= Required action =
Every line from the opening of the records to the line with "Avec une garantie" should be restated exactly, with both ends included and the pictures left out.

= Provided data =
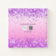 A pink gradient background. Decorated with pink confetti.. Personalise and add a name, The title: sketchbook written with a girly modern hand lettered style script with swashes and a brush. Purple coloured letters. A notebook for drawings, sketching, notes and school homework.
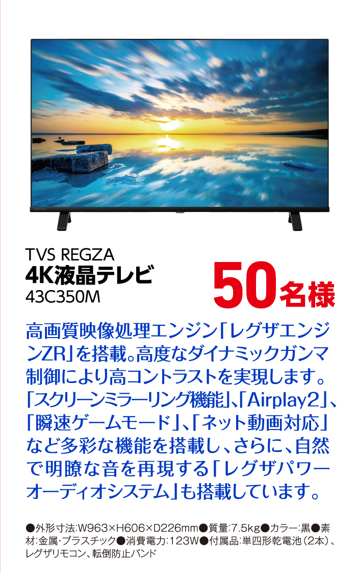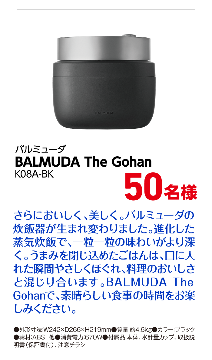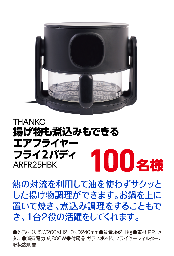 - ・お客様の住所・転居先が不明等の理由により、賞品のお届けができない場合、ご応募を無効とさせていただきます。
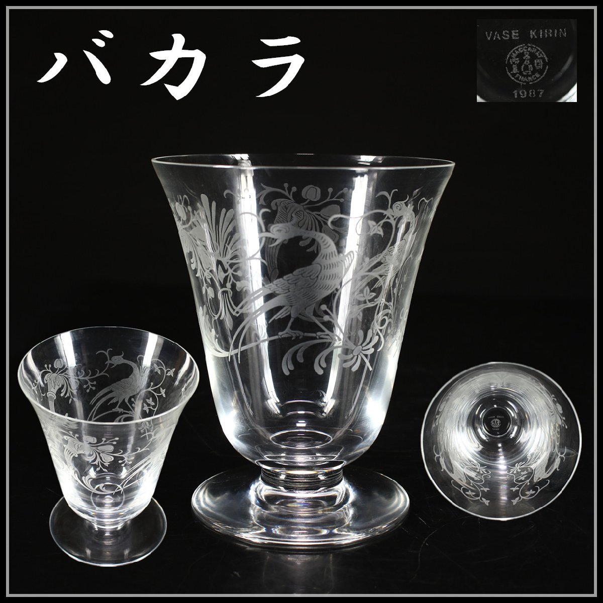- 【吉】PB527 Baccarat 【バカラ】 クリスタルガラス 花鳥紋 杯 花瓶 高17.7㎝/共箱付 美品Ig!
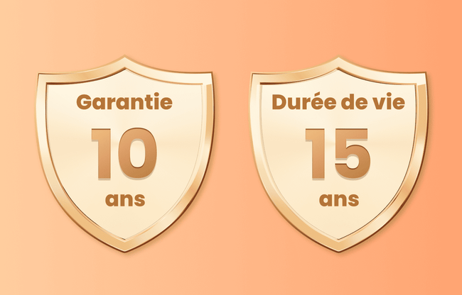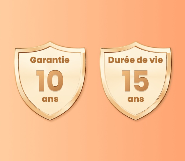 Avec une garantie de 10 ans, une durée de vie conçue de 15 ans et une résistance à l'eau et à la poussière IP65, votre investissement reste protégé et fiable.
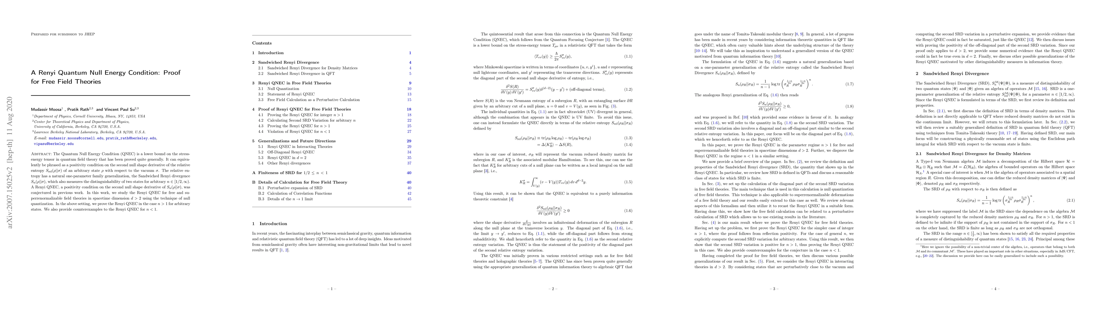The Quantum Null Energy Condition (QNEC) is a lower bound on the stress-energy tensor in quantum field theory that has been proved quite generally. It can equivalently be phrased as a positivity condition on the second null shape derivative of the relative entropy $S_{\text{rel}}(\rho||\sigma)$ of an arbitrary state $\rho$ with respect to the vacuum $\sigma$. The relative entropy has a natural one-parameter family generalization, the Sandwiched Renyi divergence $S_n(\rho||\sigma)$, which also measures the distinguishability of two states for arbitrary $n\in[1/2,\infty)$. A Renyi QNEC, a positivity condition on the second null shape derivative of $S_n(\rho||\sigma)$, was conjectured in previous work. In this work, we study the Renyi QNEC for free and superrenormalizable field theories in spacetime dimension $d>2$ using the technique of null quantization. In the above setting, we prove the Renyi QNEC in the case $n>1$ for arbitrary states. We also provide counterexamples to the Renyi QNEC for $n<1$.
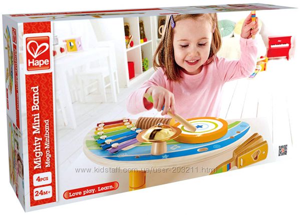 Только оригинальный товар!Универсальный музыкальный инструмент «Мини-оркестр» Hape Mighty Mini Band Wooden Percussion .
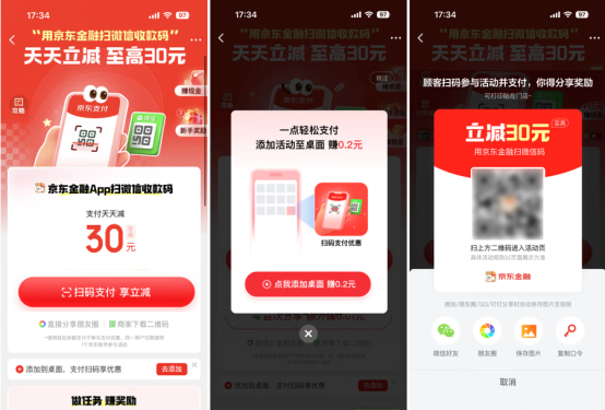 為便于日常使用,京東金融App還支持用戶將功能以快捷方式添加到手機桌面,隨時一鍵打開完成支付。不僅如此,在本次活動中,用戶添加桌面、完成支付、分享好友等動作都能收到真金白銀的現(xiàn)金補貼,最高可達到288元。
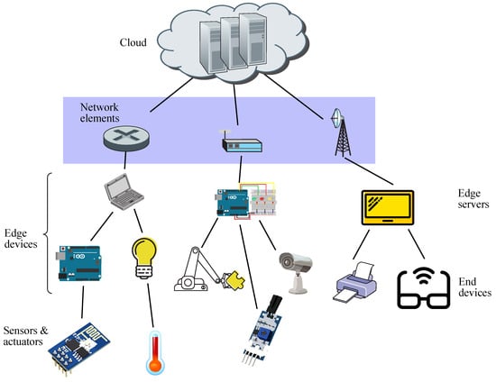 Furthermore, edge computing takes advantage of the addition of machine learning (ML) algorithms associated with AI, leading to the concept of Edge AI, which may be seen as the application of AI to run ML tasks on edge devices in order to enhance performance [5]. It is to be noted that an edge device may be either an edge server or an end device, whereas sensors just gather data and forward them on to end devices, whilst network elements connect edge devices to cloud facilities, as shown in Figure 1.
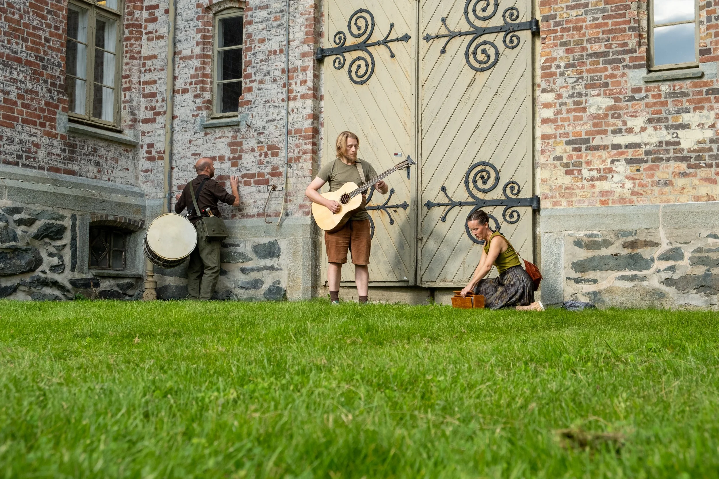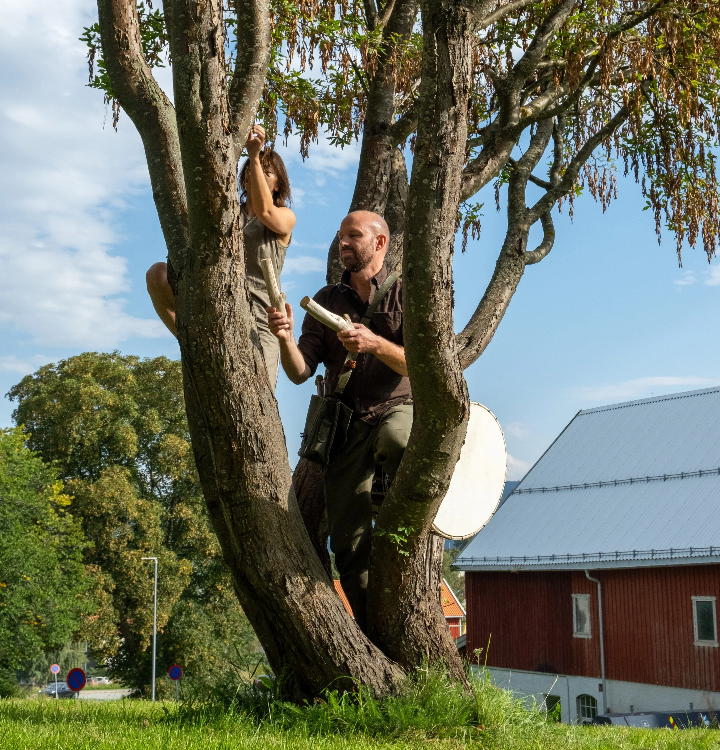 “Gjennom skogen mot fjæra”. Performance @Rotvoll Kusntnerkollektiv 2024. Sissel Vera Pettersen, Are Lothe Kolbeinsen, Martin Smidt, and dance artists Anna Thu Schmidt and Nina Wollny

= Response box =
 A pink gradient background. Decorated with pink confetti.. Personalise and add a name, The title: sketchbook written with a girly modern hand lettered style script with swashes and a brush. Purple coloured letters. A notebook for drawings, sketching, notes and school homework.
 - ・お客様の住所・転居先が不明等の理由により、賞品のお届けができない場合、ご応募を無効とさせていただきます。
- 【吉】PB527 Baccarat 【バカラ】 クリスタルガラス 花鳥紋 杯 花瓶 高17.7㎝/共箱付 美品Ig!
 Avec une garantie de 10 ans, une durée de vie conçue de 15 ans et une résistance à l'eau et à la poussière IP65, votre investissement reste protégé et fiable.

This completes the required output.